This repository is intended to indicate a possible vulnerability in honey encryption methodology
The honey encryption methodology is implemented in "encrypt.py", which is taken from repository: https://github.com/torjusbr/bip39-honey-encryption.
The honey encryption adds the zone of focus after decryption as well, where wrong keys can generate plausable plaintext.
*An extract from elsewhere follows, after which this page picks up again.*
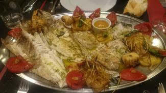 Así que yo no se si es por esto, o porque no lo hacen del todo mal, la parillada de pescado estuvo mejor, una lubina abierta y bien elaborada, para nada pasada, una ventresca de merluza también muy rica y cachos de rape a la romana con salsa americana, patata asada y pimientos de bote y cebolla, también asada , el pescado en su punto , bien , en este caso pagar casi 70€ por la parillada de pescado con sus trufas y sus dos copas de vino , hubiese estado bien .
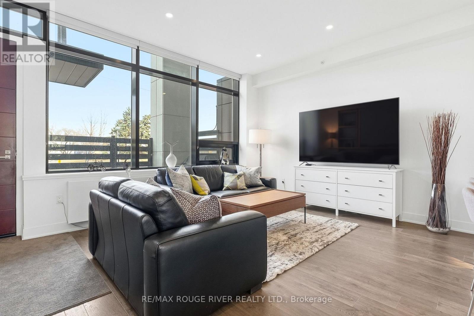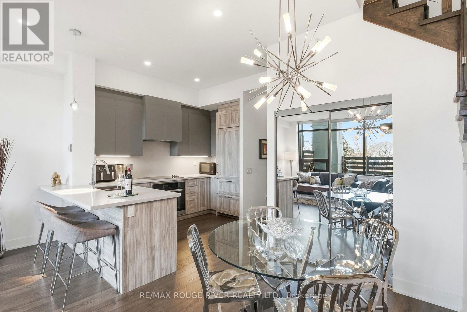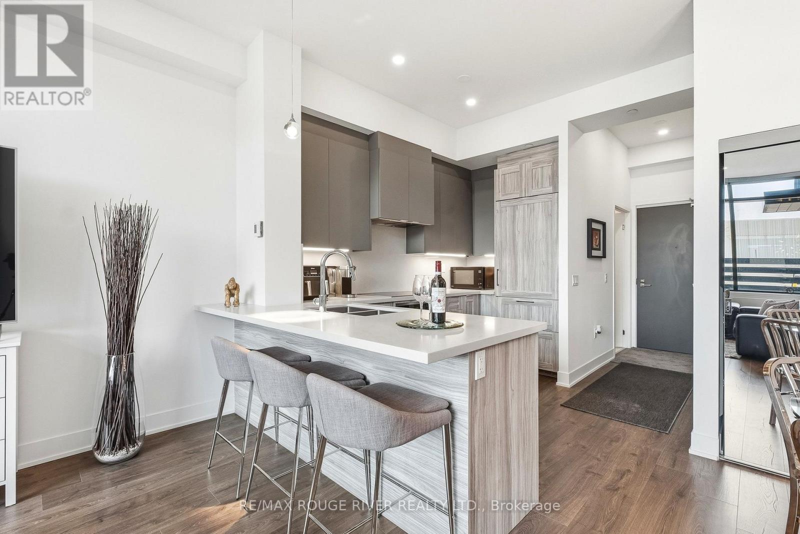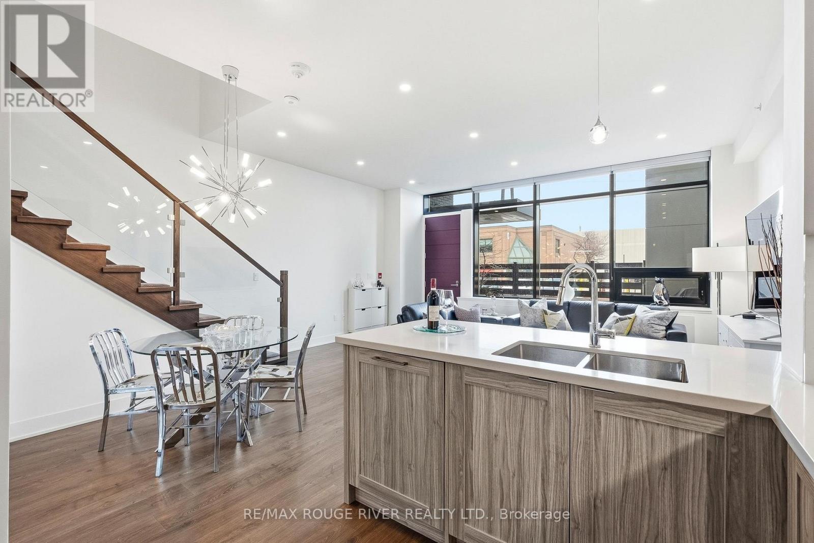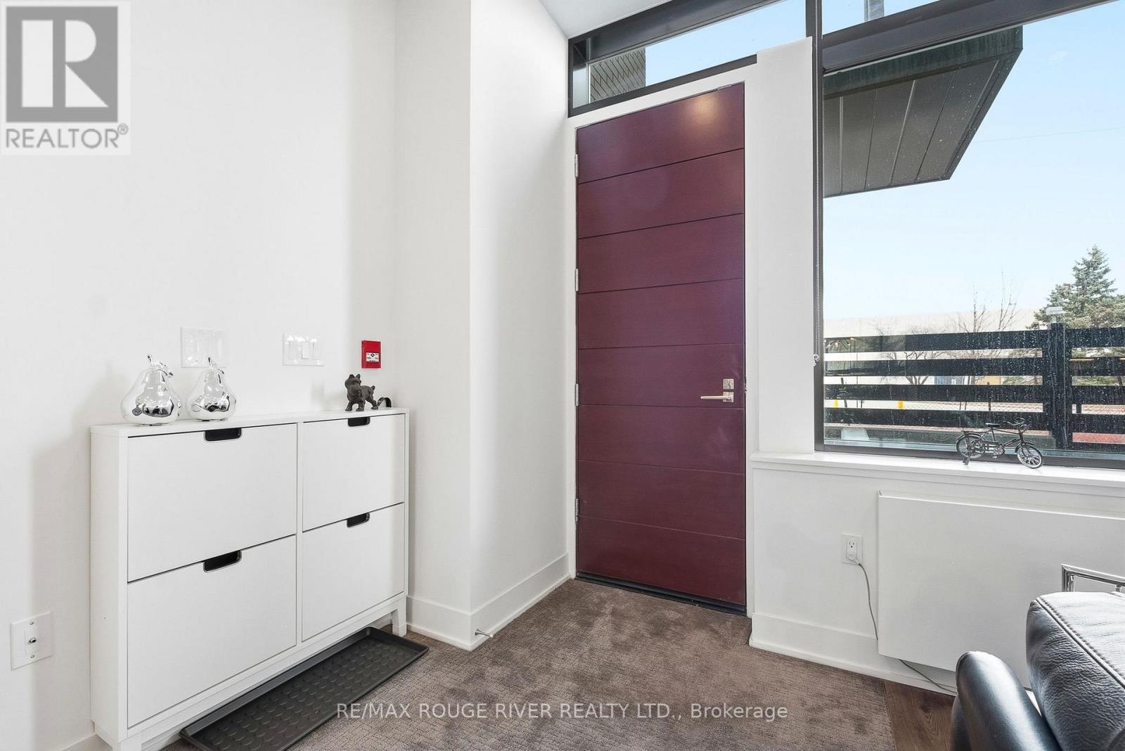 Outstanding value meets a curated lifestyle at the prestigious NORD East Condos known for superb amenities & good quality Dell property management. Bright open plan layout with soaring ceilings, tall windows, and walkout to a private terrace ideal for dining alfresco, complete with a bbq gas line and waterline, plus your own private exterior entry gate, perfectly suited to an active lifestyle and pet-friendly living.The integrated chef's kitchen features Caesarstone counters, and integrated Miele appliances, blending style with everyday function. A spacious main floor den with mirrored closets offers flexibility as an office, a den, or as a guest room with proximity to the 2 piece powder rm. The elegant glass staircase leads to a generous sized primary retreat with a walk in closet and ensuite with extended double vanities. Custom blinds, pot lights, and curated finishes throughout. Enjoy resort style amenities including the aqua oasis with indoor/outdoor pools, yoga studio, fitness centre, 24 hour concierge, guest rooms, theatre room, party room, chef's table, and pet spa, along with a new park featuring a children's play area. Includes a storage locker and a dedicated parking space in the garage plus ample ground level parking.. and with steps to the subway and Viva transit, the power of proximity connects you seamlessly to the city. (id:4555)

The bash file is used to generate a small dataset, to perform a statistical or unsupervised learning analaysis. The dataset created by bash file is basically the correct key and random keys, with corresponding plaintexts. This dataset can be identified with txt files "plaintexter_*.txt".
In current scenario, the correct plaintext is sequence of words "arm, armed, army". We can think each individual word as chunk of plaintext.
In my statisitcal analysis, my basic hypothesis is that real world plaintexts are contextual, i.e. one part of the text can be somewhat related to the other part.
In this course, one could consider employing NLP approaches to determine similarity in some suitable notion.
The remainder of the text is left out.